Thursday, 17 January 2008

Bumper day for M&A

One of my predictions for 2008 was that M&A would continue apace as valuations eased and IPOs dried up. If the first two weeks of the year is anything to go by, I might be proved right!

Yesterday, three significant deals were announced - although, to be fair, two of them were conclusions of bids started in 2007.

- Oracle 'won' its $8.5b battle for BEA Systems. raising its offer by 14% to $19.375 per share was enough to win over the board.

- SAP announced that it had enough shareholder support to conclude its €4.8b purchase of Business Objects.
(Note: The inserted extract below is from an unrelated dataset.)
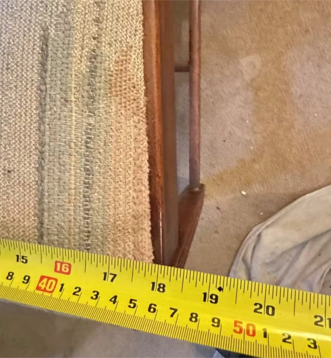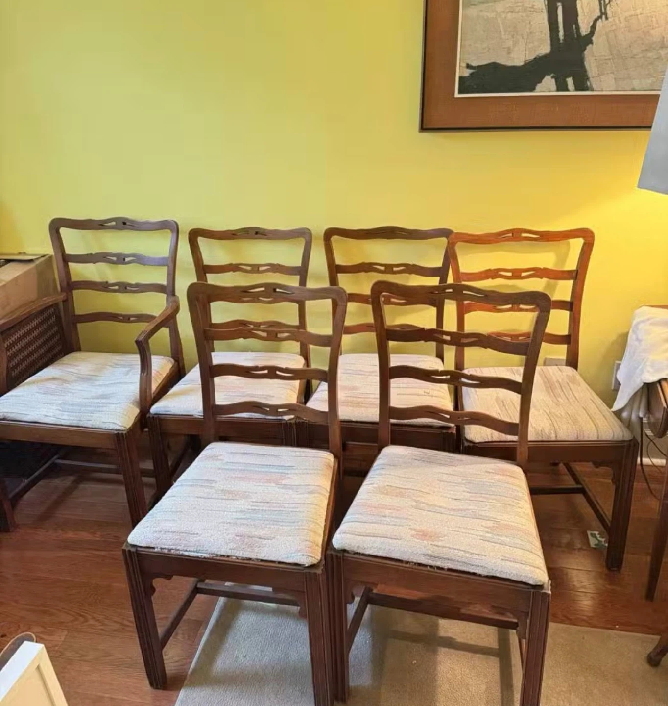 Six wooden dining chairs with upholstered seats and curved backs. The seats have a neutral fabric with subtle multi-coloured stripes. One chair includes arms and has a rattan insert. Seat height approx 18 inches.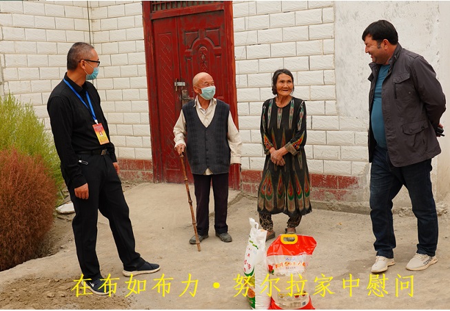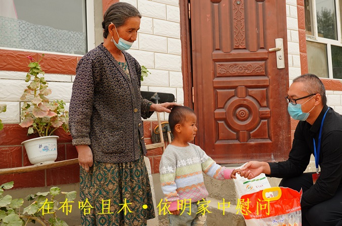 村民布哈且木·依明家中,孩子都在外地务工家中只有一位老人和孩子居住,见到工作队前来慰问,激动的说:工作队的老师们常来看我,今天还给我送来这么多东西,心里感到特别高兴!虽然我孩子不在身边,但有你们的照顾我并不觉得孤单,感谢你们一直以来的关心。

- The new deal was Sun Microsystems buying MySQL for $1b. MySQL is a European-based open source database company which challenges the likes of Oracle, IBM and Microsoft. Although revenues are growing rapidly (up 50% last year) they still amounted to only $70m. But, I guess that's what happens when you distribute your software for free! This disruptive software model plays precisely with Sun's view of the world. But, even so, the $1b price tag looks pretty good!

This software consolidation is just the continuation of a well-established trend. What yesterday showed is that the turn down in tech stocks has made no effect on the appetite for M&A. Indeed in a conference discussion yesterday, I made the point that the only real opportunity for successful tech stock investment in 2008 would be to pick the M&A targets.